The bank said that once Covid-19 passed and travel restrictions were eased, “activity levels are likely to lift very rapidly”.

“However, we doubt they will return to previous levels any time soon. Even when travel restrictions are lifted, people will remain less likely to travel due to fear of Covid-19 and because their economies are going into reverse and incomes are under pressure.”

Westpac said the first active travellers would be those who were immune to the virus, either because they had caught it and recovered, or because they were vaccinated.

“We also suspect that young travellers are likely to return sooner than older travellers, because young people are less susceptible to Covid-19 and are therefore less fearful.”

There would “close to zero” visitor arrivals until September this year.

“After that, it’s likely that there will be a partial recovery, extending well into 2021 and beyond,” said the bank.

“As such, we are picking visitor arrivals to fall from what was an expected 3.9 million tourists in 2020 to just under 1m in 2020 – a 75% decline. Given an average spend of $3,300 per visitor, this suggests that the industry stands to lose about $12bn in revenue from offshore visitor arrivals in 2020.

“[Our] forecasts suggest that visitor arrivals in 2021 will be around 1.6 million below the 2019 level, equating to about $5.5bn lower revenue.”

The outlook for domestic tourism was better.

“New Zealanders will probably be deterred from travelling overseas either out of fear of Covid-19 or by other countries’ travel restrictions.

“Consequently, Kiwis will holiday at home. The extent of domestic tourism, however, is likely to be tempered by the slow economy.
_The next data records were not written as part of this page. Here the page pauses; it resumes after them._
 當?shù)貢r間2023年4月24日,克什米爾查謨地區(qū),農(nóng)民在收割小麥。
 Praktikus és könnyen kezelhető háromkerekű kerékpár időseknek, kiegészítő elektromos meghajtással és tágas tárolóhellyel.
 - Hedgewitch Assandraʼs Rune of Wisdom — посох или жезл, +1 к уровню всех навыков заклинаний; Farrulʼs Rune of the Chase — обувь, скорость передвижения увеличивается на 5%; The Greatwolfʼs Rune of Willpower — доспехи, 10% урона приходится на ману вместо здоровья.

All things considered, we expect that revenues generated from domestic tourism will be down by about $8bn in 2020 compared to 2019.”

However, for tourism operators, the period ahead would be challenging.
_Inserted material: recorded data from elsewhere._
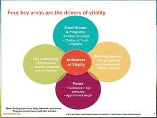 This document outlines a plan to develop vital and healthy congregations through revitalizing existing congregations, starting new congregations, and changing church culture and processes to better support congregational vitality. It discusses engaging key leaders and the congregation through prayer, worship, study and response to discern a church's core values and guiding beliefs in order to change culture and reach the unchurched. Resources provided can help local churches increase their vitality by implementing best practices and developing a ministry plan focused on making disciples and transforming the world.
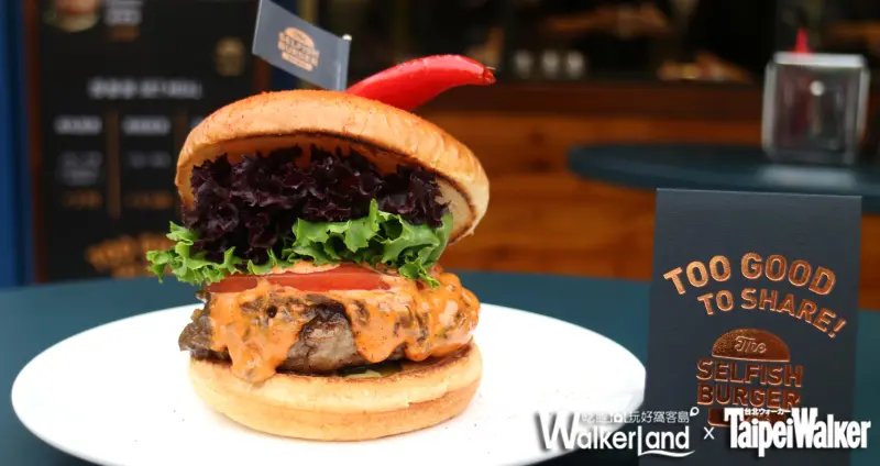 ▲拉亞漢堡新品牌「Selfish Burger」,招牌煙燻牛肉漢堡肉汁飽滿。(圖/張子豪 攝)
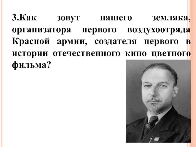 3.Как зовут нашего земляка, организатора первого воздухоотряда Красной армии, создателя первого в истории отечественного кино цветного фильма?
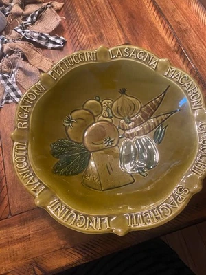 Vintage Green Los Angeles Potteries Large 14.25 inch Pasta Bowl #300 No Chips
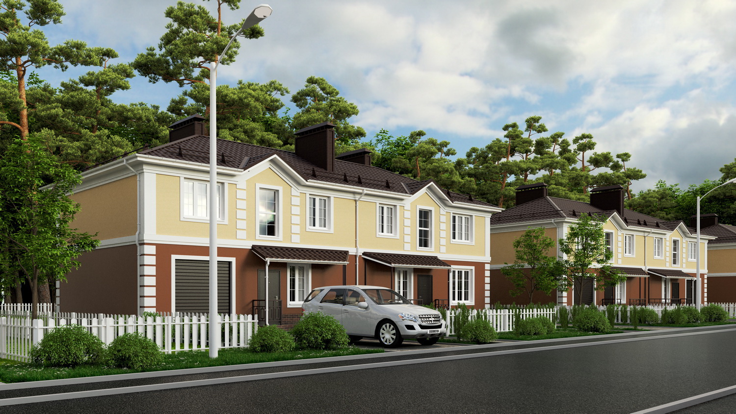 Дом №91 - это таунхаус, состоящий из 2 квартир площадью 166,0 кв.м. На первом этаже вместо теплого гаража в этом доме спроектирована дополнительная жилая комната, которую вы можете использовать и как гостевую, и как кабинет, и как спальню для членов семьи, которые не хотели бы подниматься на 2 этаж.
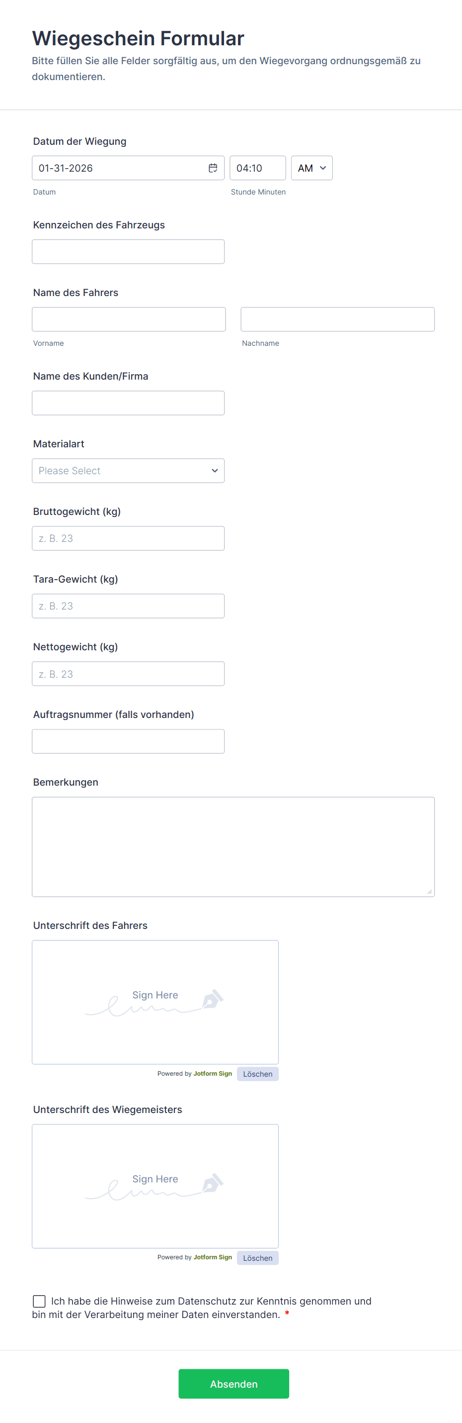 - Anwesenheitserfassung: Formulare können Mitarbeiternamen, Daten, Ein-/Ausstempelzeiten und Abwesenheitsgründe erfordern.
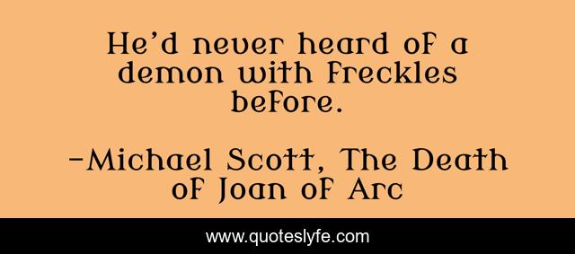 This page presents the quote "He’d never heard of a demon with freckles before.". Author of this quote is Michael Scott, The Death of Joan of Arc. This quote is about freckles, demons,.
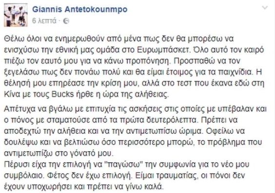 Ο Ελληνας σούπερ σταρ του NBA με την φανέλα των Μιλγουόκι Μπακς μέσω των λογαριασμών του στα social media ενημέρωσε πως δεν θα δώσει το «παρών» στο Eurobasket που ξεκινά στις 31 Αυγούστου, καθώς εξακολουθεί να έχει προβλήματα με το γόνατό του.

“Among the most vulnerable will be the big names in the airline industry, which are in the process of restructuring their operations,” said the bank.

“Also vulnerable are the 30,000 or so small firms that employ less than 20 people, ranging from accommodation, travel, rental and tour service providers to restaurant operators and bar owners.

“Unfortunately, it is likely that many firms will go out of business, although not as many as would have been the case had it not been for the [Government’s wage] subsidy.”

Most vulnerable would be businesses such as tour guides, bars, restaurants and some accommodation providers.

“Once the crisis has passed, we think it will be these small firms that will lead the recovery,” said Westpac.

“As visitor arrivals start to pick up, new entrepreneurially driven firms, bolstered by cheap money and low barriers to entry, will spring up.”

Key to the eventual recovery would be the efforts of Tourism New Zealand, “which is expected to go into marketing overdrive”.

“Tourists of all ages will eventually return in greater numbers, encouraging more firms to set up shop. Most of these will be small, and many will be niched, much like they were prior to the pandemic,” said the bank.

“After much introspection, cruise ships should also return while hotel occupancy rates are expected to rise. Indeed, long-term, we are picking the industry to look very much like it did prior to the pandemic.”